RP Diagnosis Develops the "Why" featured image description is in the body of the post.

RP Diagnosis Develops the “Why” & Leads to Entrepreneurship

“I felt so ashamed and stupid that I was visually impaired. That somehow people would think it was an inconvenience or a hassle that I couldn’t see in the dark.” 

~Hannah Steininger

RP (Retinitis Pigmentosa) was the diagnosis. I got into the car at the eye clinic and sat in silence with the devastating news I’d just received. It was a cold, blustery October day in 2008. I even remember how cloudy it was as the trees stood bare. We were parked directly in front of the window of the clinic. My eyes were fixed ahead on people sitting in the waiting room.

“Am I going to go blind?” I asked my mom after what felt like hours.

I felt my face get hot, as the tears welled up in my eyes. Dumbfounded, confused, and scared, I didn’t know what to think. You can never go back once you find out something like that. Immediately I felt so different. Everything started to make sense:

  • how cautious I was at night,
  • why I had always wanted to sleep with the hall light on,
  • why I hated movie theaters.

The list goes on and on. I was glad that it was all making sense, but at the same time, I wished I hadn’t found out.

Up until age 15, I thought everyone saw the way I did. Why think anything else? I felt so ashamed and stupid that I was visually impaired. That somehow people would think it was an inconvenience or a hassle that I couldn’t see in the dark. 

For about 8 years I decided nothing was wrong with me. I ignored the diagnosis of RP and I refused to take my pills regularly or tell anyone about my vision.

College Changed Things

Once I got to college, I would get into risky situations. Scenarios, like going out and drinking with my friends or walking home in dark, were commonplace. I fell and injured myself too many times to count. Crying
because I couldn’t see on the dance floor like everyone else, I’d leave, alone and in the dark. Why couldn’t I be like everyone else dancing so lighthearted. Going out became so taxing and so painful that I isolated myself my senior year of college.

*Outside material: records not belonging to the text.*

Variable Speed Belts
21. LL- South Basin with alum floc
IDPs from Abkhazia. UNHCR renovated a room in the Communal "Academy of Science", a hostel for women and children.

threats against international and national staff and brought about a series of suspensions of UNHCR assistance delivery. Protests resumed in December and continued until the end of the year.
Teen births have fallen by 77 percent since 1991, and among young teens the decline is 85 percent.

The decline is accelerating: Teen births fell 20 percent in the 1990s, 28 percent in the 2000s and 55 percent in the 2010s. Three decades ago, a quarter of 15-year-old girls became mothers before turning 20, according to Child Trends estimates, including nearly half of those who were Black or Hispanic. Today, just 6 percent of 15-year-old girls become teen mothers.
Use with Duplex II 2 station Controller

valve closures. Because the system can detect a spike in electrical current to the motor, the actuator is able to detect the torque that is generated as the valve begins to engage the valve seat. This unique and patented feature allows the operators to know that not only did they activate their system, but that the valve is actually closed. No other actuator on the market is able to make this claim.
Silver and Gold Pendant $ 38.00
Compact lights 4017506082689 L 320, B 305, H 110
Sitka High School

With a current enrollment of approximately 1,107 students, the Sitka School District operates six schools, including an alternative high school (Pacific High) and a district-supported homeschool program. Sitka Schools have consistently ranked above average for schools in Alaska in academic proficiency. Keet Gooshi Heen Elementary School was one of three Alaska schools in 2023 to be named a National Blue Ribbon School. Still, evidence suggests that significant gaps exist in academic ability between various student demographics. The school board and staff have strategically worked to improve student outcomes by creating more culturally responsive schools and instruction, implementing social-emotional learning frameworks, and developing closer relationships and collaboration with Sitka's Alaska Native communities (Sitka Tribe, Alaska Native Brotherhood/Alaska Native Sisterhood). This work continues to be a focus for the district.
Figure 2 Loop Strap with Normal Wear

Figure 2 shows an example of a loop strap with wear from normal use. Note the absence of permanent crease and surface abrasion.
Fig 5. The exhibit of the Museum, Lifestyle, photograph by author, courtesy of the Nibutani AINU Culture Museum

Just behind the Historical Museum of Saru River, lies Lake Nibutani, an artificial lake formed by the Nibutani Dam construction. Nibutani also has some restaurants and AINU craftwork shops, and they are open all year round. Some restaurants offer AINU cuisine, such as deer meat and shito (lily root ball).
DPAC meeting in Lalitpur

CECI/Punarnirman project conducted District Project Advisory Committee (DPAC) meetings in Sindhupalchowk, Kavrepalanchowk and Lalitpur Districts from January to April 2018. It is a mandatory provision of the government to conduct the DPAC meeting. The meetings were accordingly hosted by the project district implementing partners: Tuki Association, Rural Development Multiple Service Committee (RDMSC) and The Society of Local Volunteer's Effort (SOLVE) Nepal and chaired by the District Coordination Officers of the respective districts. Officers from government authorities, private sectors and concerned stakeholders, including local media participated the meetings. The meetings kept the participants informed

After I graduated college and moved back to Minneapolis something in me shifted. I was sick and tired of feeling sorry and bad for myself. So much hope I had placed in research and retina specialists. When they told me there was nothing I could do and that my vision was getting worse, I was crushed. I began looking up alternative ways to help heal vision loss. That’s when I found micro-acupuncture.

For the past two years, I have been taking a more holistic approach in the way I manage my RP. I began eating a diet of anti-inflammatory foods, educating myself about how the systems in the body work together, and started going to micro-acupuncture.

As I have been opening up to others about my vision and started to advocate for the modifications I need, I noticed a lack of awareness about vision loss and people who struggle with it. So many people are affected by loss of vision at some point in their lives, why is it not more well-known and talked about in society?

The “Why” Turns Into Entrepreneurship

One year ago, I quit my corporate job and decided to pursue my passion. On February 16th, 2019, I launched Watson & Wilma, a line of ethically made intimates. I designed each piece and enlisted the help of local pattern makers to bring it to life. Each item is made-to-order and sewn in Minneapolis from 70% sustainable and organic fabrics.

Vision loss is an invisible disability but a major part of everyday, as intimates are a similarly hidden but important part of every outfit. A portion of each sale will be donated to the Penny George Foundation, to help provide holistic care and treatments to those with vision loss. My mission is to spread awareness about vision loss and for the visually impaired community. 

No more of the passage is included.